Saturday, July 23, 2011

Google Doodle Honors Mobile Artist Alexander Calder


A new interactive Google doodle has appeared on Google.com, honoring artist Alexander Calder, who is known for inventing the mobile.
As you click and drag with your mouse, the various sections of the mobile move around. According to the official Google Blog, it’s the first doodle Google’s made that uses HTML5 Canvas, so its creators recommend that you use “a modern browser.”
We noticed the interactive animation works on Google‘s Chrome 12 browser, but not on Firefox 5.0 or Internet Explorer 9. We’re also seeing reports that the animation causes a crash in Firefox on Linux, so if that’s your browser, you might want to avoid this doodle. Note that others are reporting these browsers are able to display the animation. Best way to find out if yours works is to go to Google.com and try it.

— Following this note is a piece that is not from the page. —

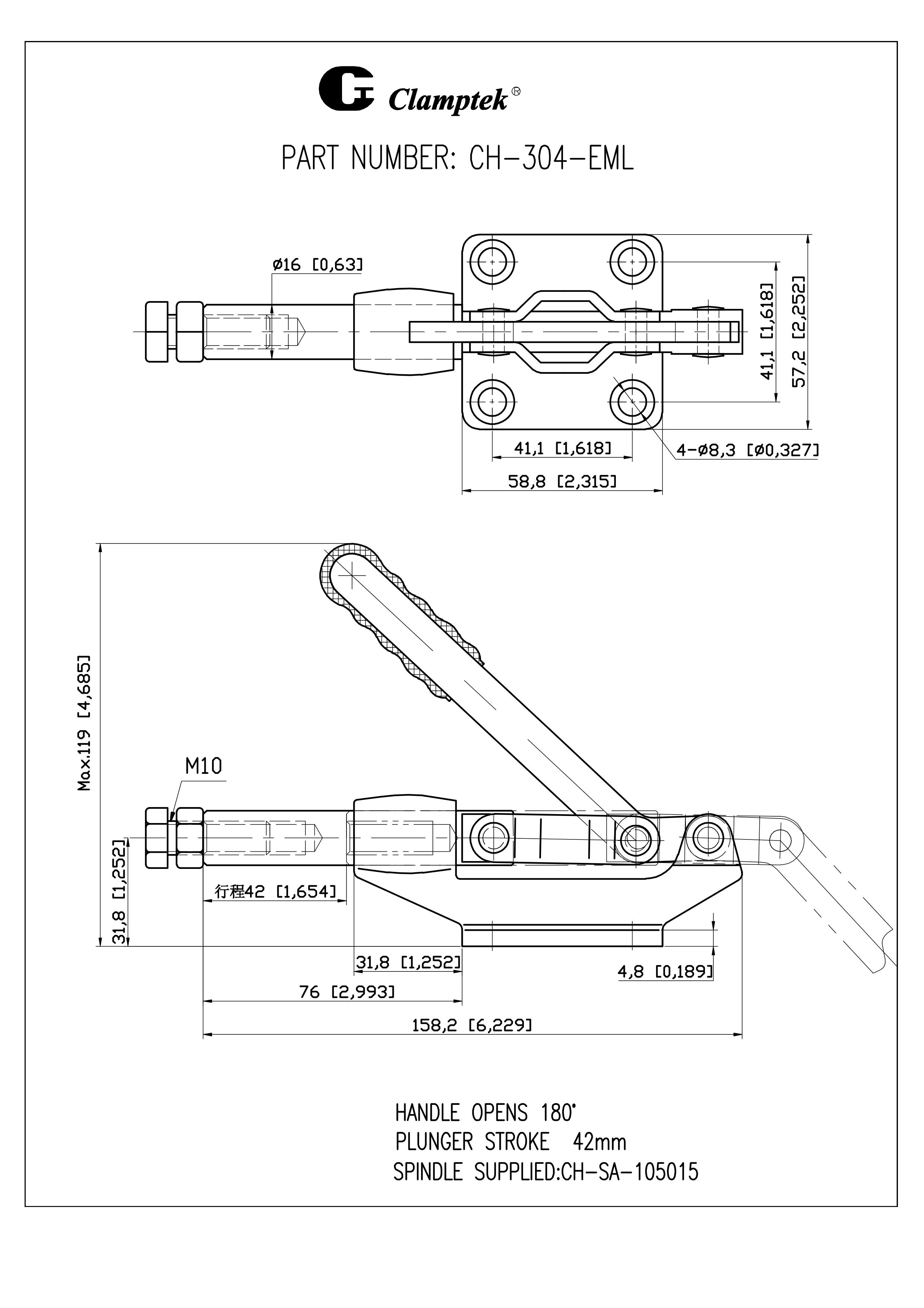 底座为铸钢。304-EM、305-EM手柄销轴孔装有耐磨套。

According to Google software engineer Jered Wierzbicki,
“It runs a physics simulation on the mobile’s geometry, and then does realtime 3D rendering with vector graphics. Only recently have browsers advanced to the point where this is possible.”
It’s a graceful work of art that the Googlers have created here, with pieces of the mobile interacting with each other and with your cursor, just the way a mobile in the physical world would work. Notice the additional, subtle detail — the mobile’s shadow on the “floor” underneath. Brilliant.
Alexander Calder, who died in 1976, would have been 113 today.